The age of the cryptocurrency pivot: A Mugglehead roundup
The age of the cryptocurrency pivot: A Mugglehead roundup
Image from Traxer via Unsplash.

Crypto/Blockchain

The age of the cryptocurrency pivot: A Mugglehead roundup

Companies often pivot to cryptocurrency for a mix of financial, strategic, and psychological reasons

In recent years, many companies have shifted from traditional business models to embrace cryptocurrency. This trend shows wider digital asset adoption. Companies pivot to crypto for financial, strategic, and psychological reasons. In biotech and pharma, traditional profitability takes years.

Developing new drugs requires research, clinical trials, and FDA approval. This process often costs hundreds of millions and carries high risk. For firms seeking quicker returns, cryptocurrency offers potential profits faster. Additionally, crypto avoids many regulatory hurdles of clinical trials.

The cryptocurrency market’s momentum also attracts companies. As digital assets rise, leaders feel FOMO—fear of missing out on gains. Some view crypto as both an investment and growth opportunity. Further, firms diversify holdings or pivot completely from their original business.

This strategy helps companies tap booming sectors, attract investor attention, and rejuvenate struggling operations, as seen with Vanadi Coffee SA. In essence, embracing crypto serves practical and psychological purposes. Practical reasons include faster returns and risk diversification.

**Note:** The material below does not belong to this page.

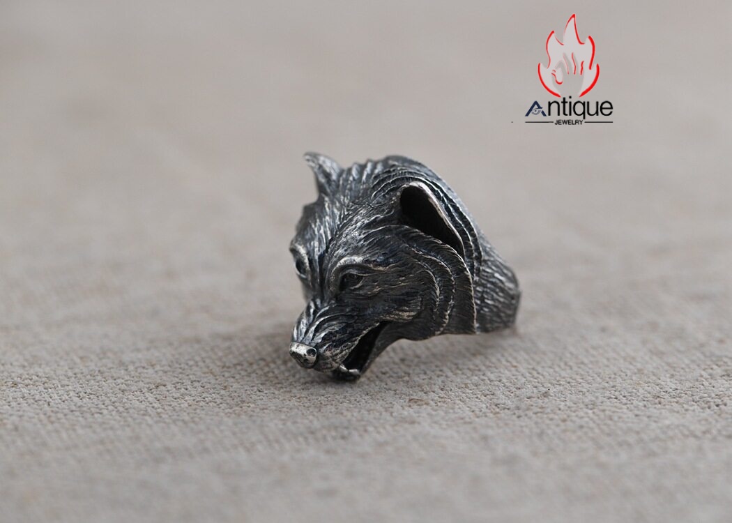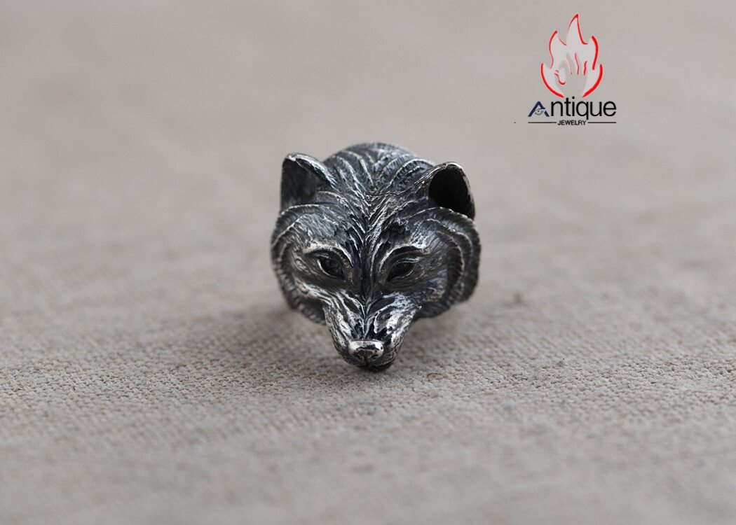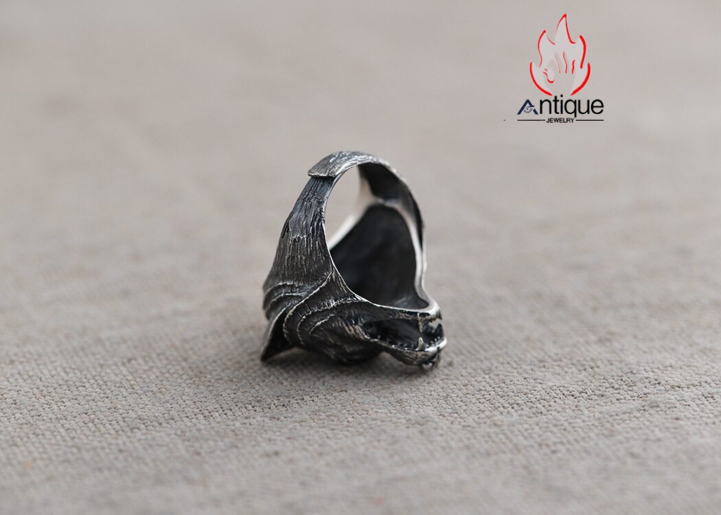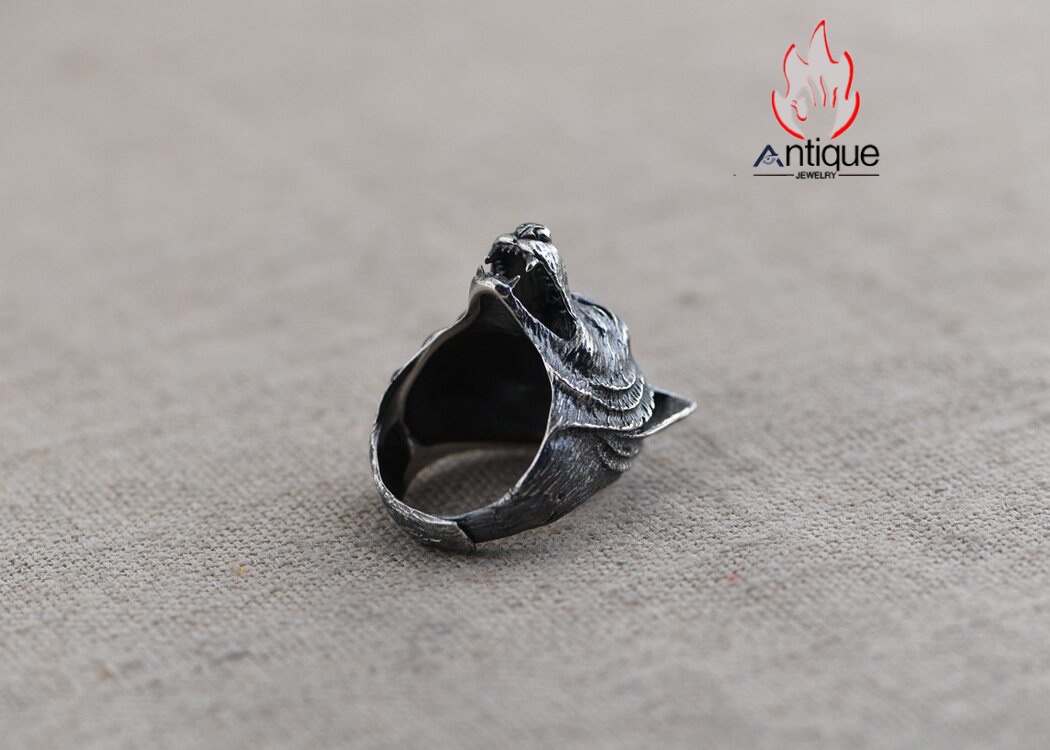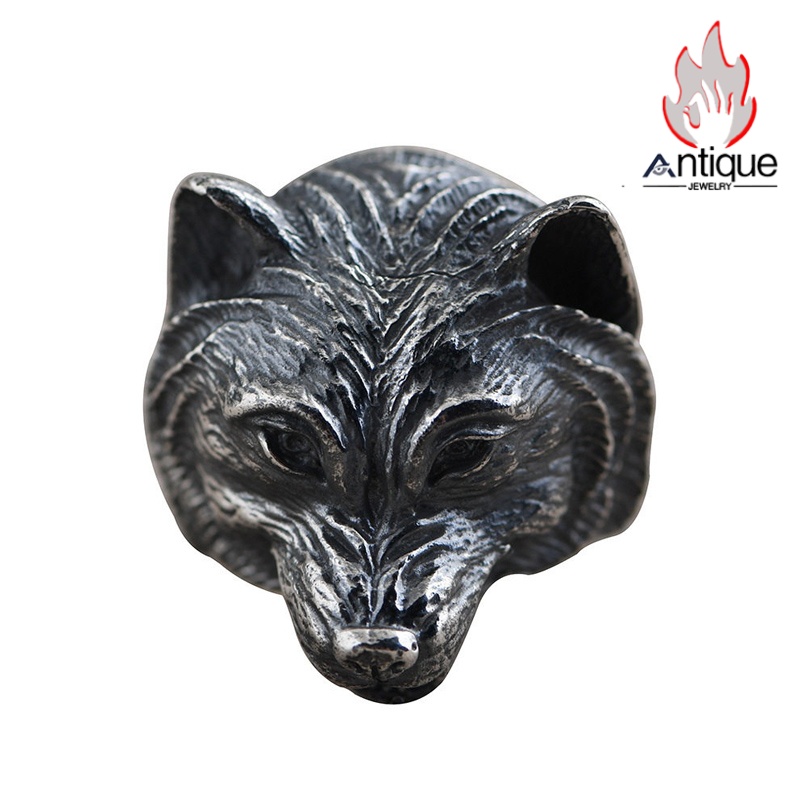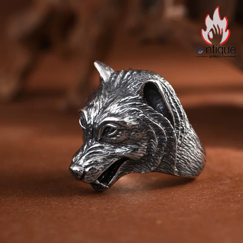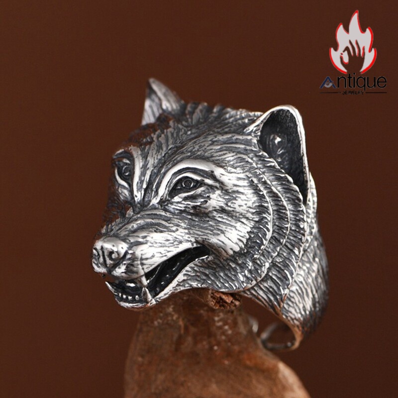Antique Jewelry S925 純銀 ウルフトーテム 精密彫刻デザイン オオカミ顔モチーフ メンズリング 個性存在感ある指輪アクセサリー

Psychological reasons include market enthusiasm and meeting investor expectations. However, the pivot carries substantial risk. Still, high growth, liquidity, and market relevance make cryptocurrency more appealing than slow traditional business models.

Here are five companies making the pivot.

Forward Industries looks into SOL

Forward Industries’ (NASDAQ: FORD) pivot represents a dramatic transformation from a traditional design services company, primarily serving the medical and technology sectors, into a crypto-focused enterprise.

By shifting its strategy toward holding and managing SOL as a treasury asset, the company is signalling a commitment to integrating blockchain technology into its operations and capital strategy.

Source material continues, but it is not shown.